(Your task): Leave every image behind and restate the data word for word.
**** Supplied data ****
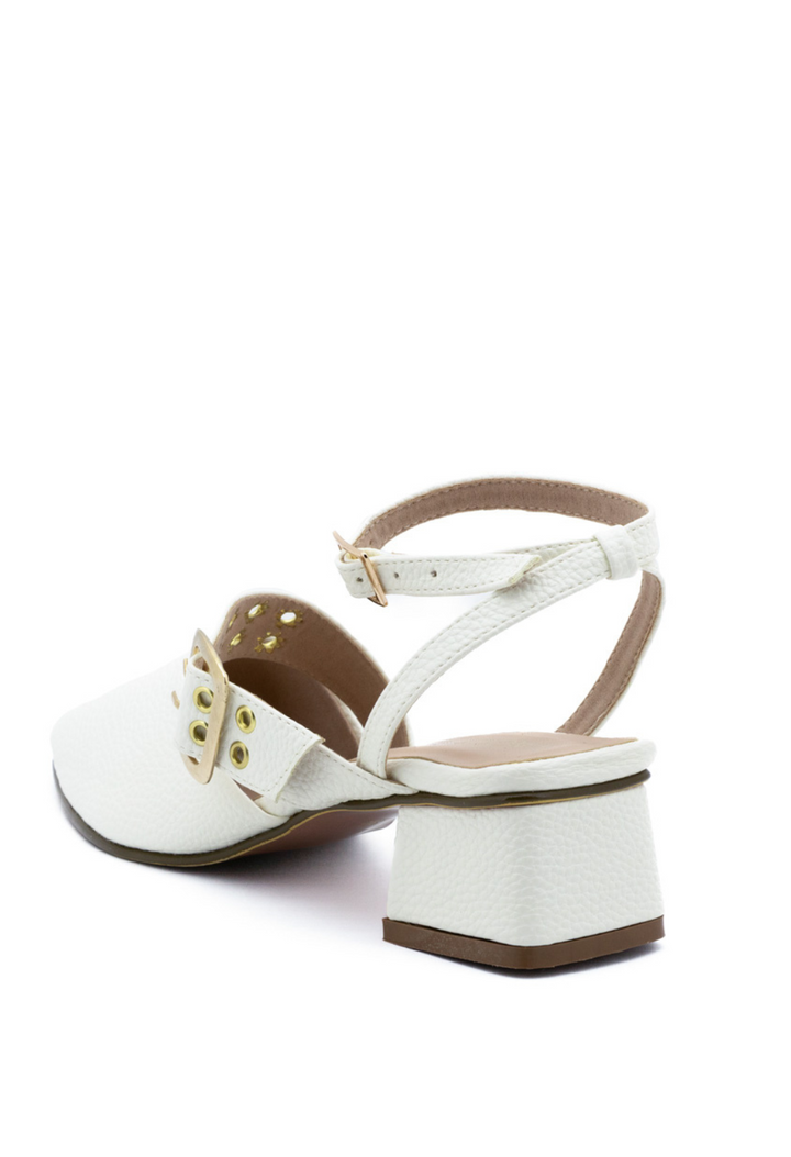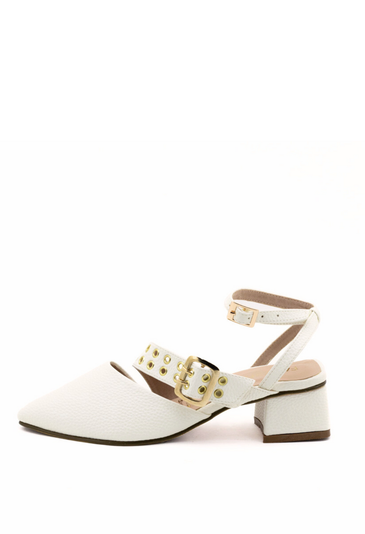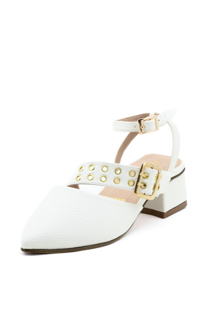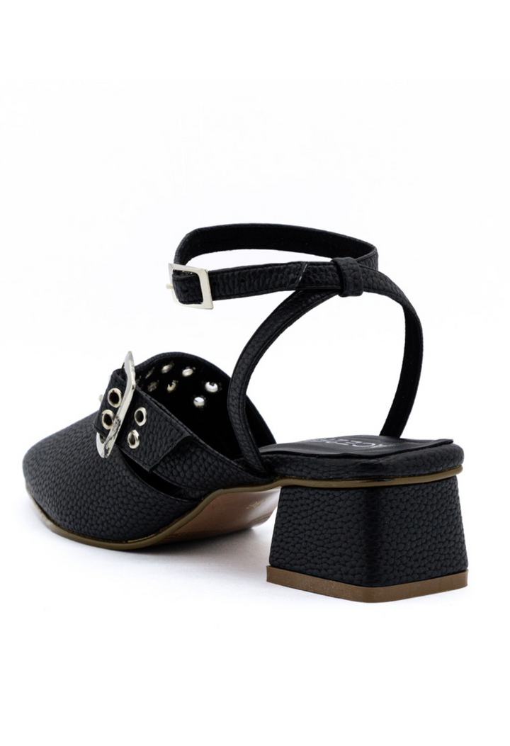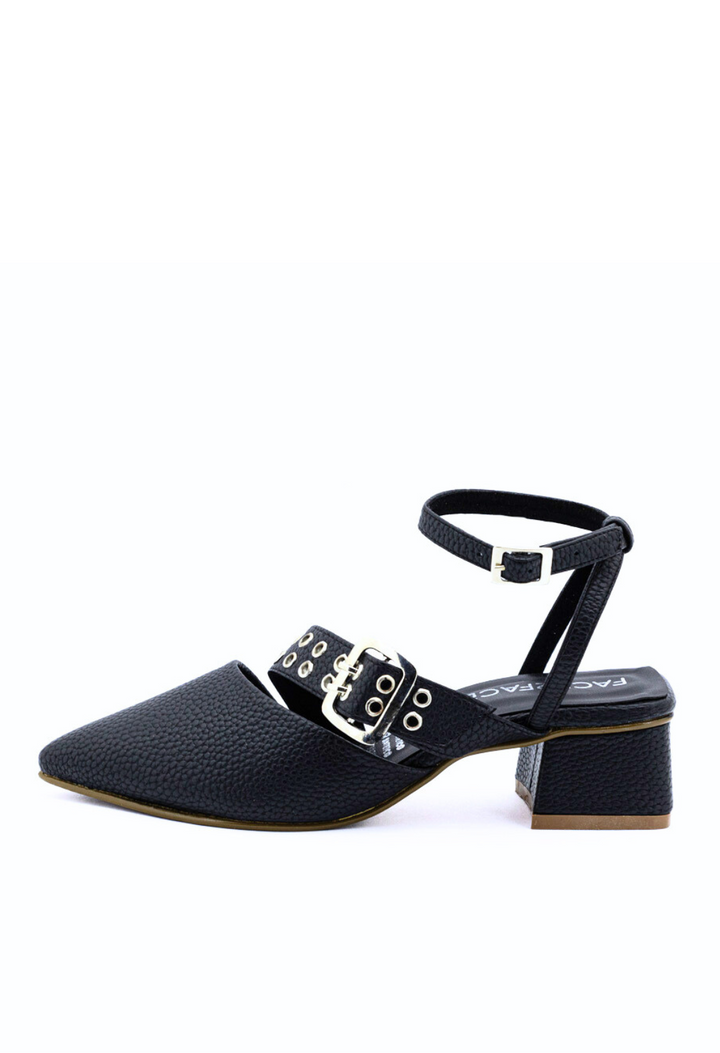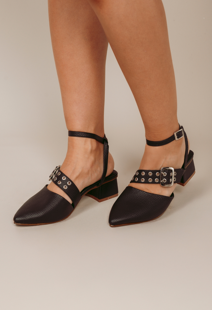 Tacón cerrado en punta con hebilla decorativa destalonado, diseñados para aportar un toque de elegancia a cualquier outfit. Su hebilla ajustable proporciona un ajuste perfecto, mientras que su diseño estilizado realza la figura. Ideales para ocasiones especiales o para elevar tu look diario con un toque sofisticado. ¡Sé el centro de todas las miradas con estos tacones únicos!
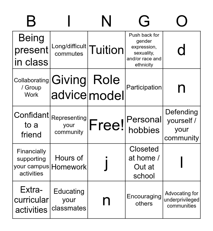 This bingo card has a free space and 24 words: Hours of Homework, Educating your classmates, Role model, Extra-curricular activities, d, Being present in class, Collaborating / Group Work, Long/difficult commutes, Personal hobbies, j, Participation, Confidant to a friend, Closeted at home / Out at school, l, Giving advice, Encouraging others, Defending yourself / your community, Tuition, n, Representing your community, Advocating for underprivileged communities, Financially supporting your campus activities, Push back for gender expression, sexuality, and/or race and ethnicity and n.
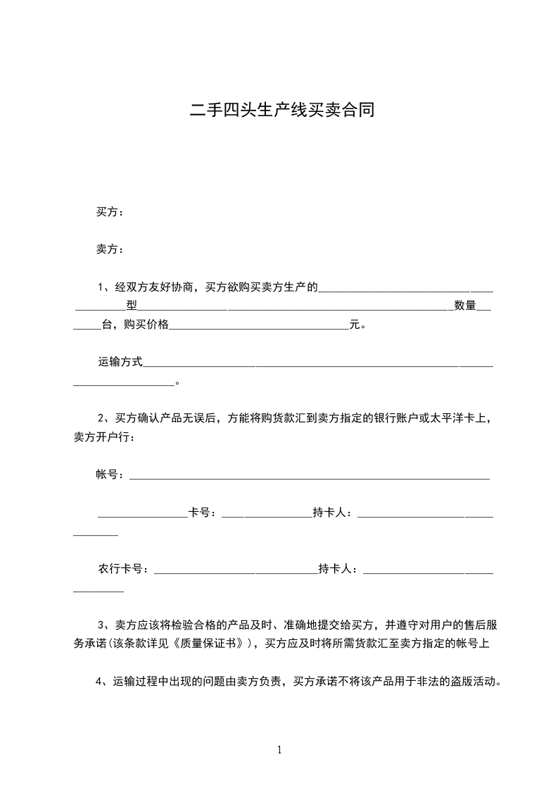 二手四头生产线买卖合同
****
(Expected answer):
 Tacón cerrado en punta con hebilla decorativa destalonado, diseñados para aportar un toque de elegancia a cualquier outfit. Su hebilla ajustable proporciona un ajuste perfecto, mientras que su diseño estilizado realza la figura. Ideales para ocasiones especiales o para elevar tu look diario con un toque sofisticado. ¡Sé el centro de todas las miradas con estos tacones únicos!
 This bingo card has a free space and 24 words: Hours of Homework, Educating your classmates, Role model, Extra-curricular activities, d, Being present in class, Collaborating / Group Work, Long/difficult commutes, Personal hobbies, j, Participation, Confidant to a friend, Closeted at home / Out at school, l, Giving advice, Encouraging others, Defending yourself / your community, Tuition, n, Representing your community, Advocating for underprivileged communities, Financially supporting your campus activities, Push back for gender expression, sexuality, and/or race and ethnicity and n.
 二手四头生产线买卖合同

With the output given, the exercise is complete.